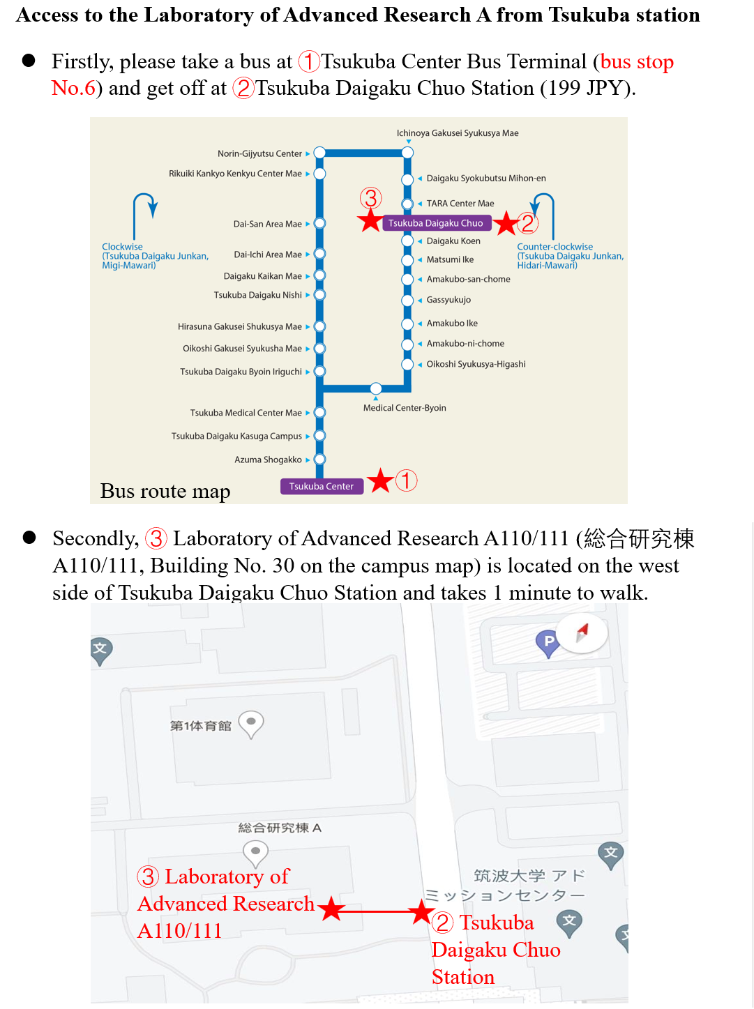 Univ. Tsukuba campus (https://www.tsukuba.ac.jp/en/about/campus-access/tsukuba-campus/), Laboratory of Advanced Research A110/111 (総合研究棟A110/111, Building No. 30 on the campus map), 1-1-1 Tennodai, Tsukuba, Ibaraki 305-8572, Japan.
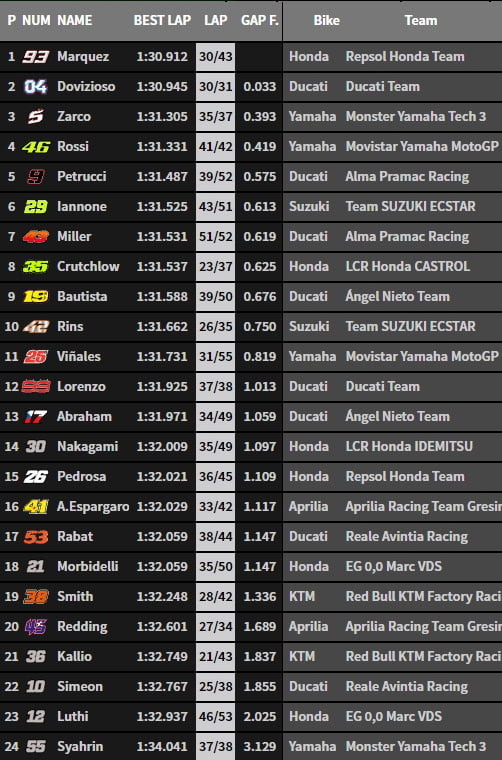 Même phénomène chez Yamaha où Valentino Rossi s’est placé 4e tandis que Maverick Vinales apparaît à la 16e place. Pendant ce temps, Danilo Petrucci effectue une simulation de course de 27 tours sans aucun problème de pneumatiques alors que l’épreuve elle-même en comptera un de moins.
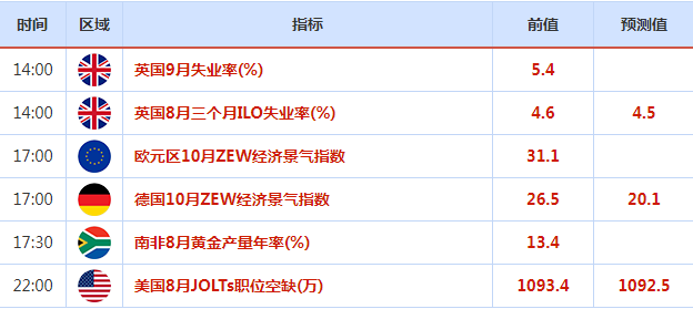 周二欧洲时段,需要留意一下英国9月份的就业数据和欧元区10月份的景气指数。

- TASK TO COMPLETE -
Begin at the line with "Même phénomène chez" and end at the last line of the data above. Reproduce those lines exactly, but not the pictures.

- ANSWER BOX -
 Même phénomène chez Yamaha où Valentino Rossi s’est placé 4e tandis que Maverick Vinales apparaît à la 16e place. Pendant ce temps, Danilo Petrucci effectue une simulation de course de 27 tours sans aucun problème de pneumatiques alors que l’épreuve elle-même en comptera un de moins.
 周二欧洲时段,需要留意一下英国9月份的就业数据和欧元区10月份的景气指数。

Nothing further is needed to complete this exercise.